The Great Escape: Blur's 1995 follow up to Parklife (Parklife!) and their true establishment in the mainstream. But is the album good?


So it's important to discuss context with this album, as any. This followed parklife, and preceded their self titled record, which contained their biggest song "song 2", colloquially known as "the woohoo song". But this album isn't a dud by any stretch.


The record opens with skittery synthesizers and brash guitars on "stereotypes" before Albarn launches into some pretty raunchy lyrics, with "They're on the lover's sofa, they're on the patio, and when the fun is over, watch themselves on video" and "she likes a man in uniform, he likes to wear it tight". The chorus is very very earwormy, and the track wraps itself up fairly succinctly at 3:10.


The next track, "country house" is also a pretty good track.
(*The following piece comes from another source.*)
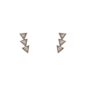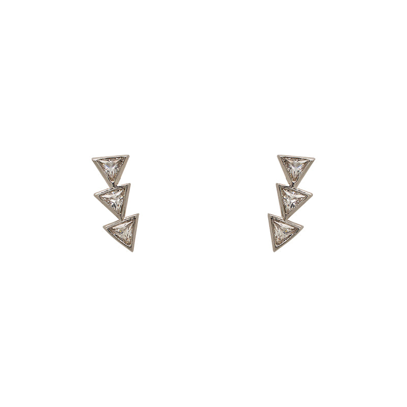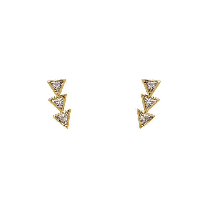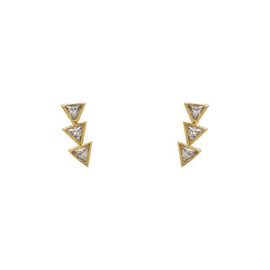 These sterling silver stud earrings feature sparkling round crystals at the lobe with a delicately suspended pear-shaped crystal for an elegant, light-catching finish. Available with white or green crystals in a gold vermeil or sterling silver finish.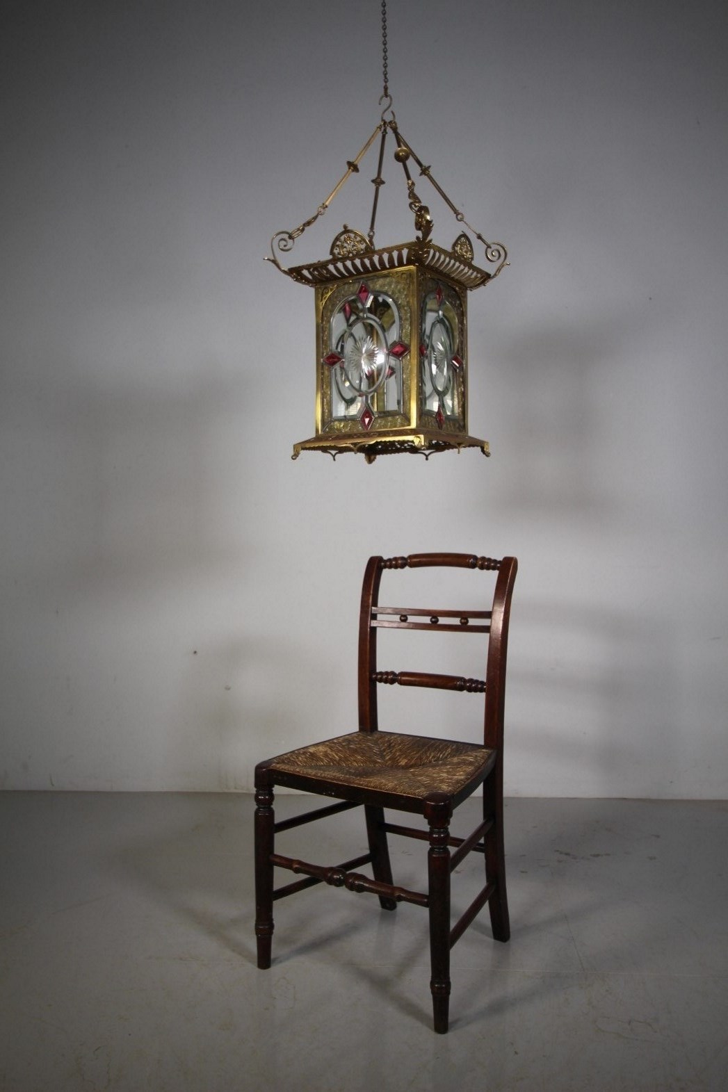A beautiful English high quality antique hallway hanging lantern, very well made in cast brass with an ornate fretwork top and bottom along with clear cut glass panes and diamond shaped cranberry glass panes. Leaded to the centres are unusual oval convex and cut glass panes. In superb condition, all very complete and intact and complete with the original four ornate hanging chains. English and dating to around 1860-70. to the top of the chain hook, the height is 75cm. The actual lantern is 45cm high.

It tells the story of a guy getting out the city and moving to the country (which is something blur has wrote about a whole lot) and the whole song doesn't really put a foot wrong. It ended up being Blur's first number one hit, narrowly beating out oasis, in a feud known as "the battle of britpop", that you can find out more about here.


"Best days", follows this, and it's pretty dreary and forgetable. After that, we get "charmless man", which is one of my favourite blur songs. The vocal melody on this track is super catchy, and despite again being something that blur has wrote about before, it's better here than before. After that we get "fade away" which might have my favourite chorus refrain on the whole record, if not for having somewhat forgetable verses, despite the cool horns.


After that the tracklist becomes intensely average. Aside from the universal, featuring a string riff I feel like I've heard a million times. Some of the guitar riffs are almost dead ringers for tracks off Parklife once you get into the second half of the record, with the chorus on "It could be you" being particulairly offensive. The hook on penultimate track "entertain me" is again pretty catchy, though.


Overall, the album feels like it could've done with some editing down from 15 tracks, it really doesn't need to nearly an hour long. But it definitely has some really good tracks, which have lingered in the minds of the public who remember the mid 90's. I'd say it's worth checking out if you enjoyed Parklife (the album) but it's probably not a great place to start with blur. But still a fine album.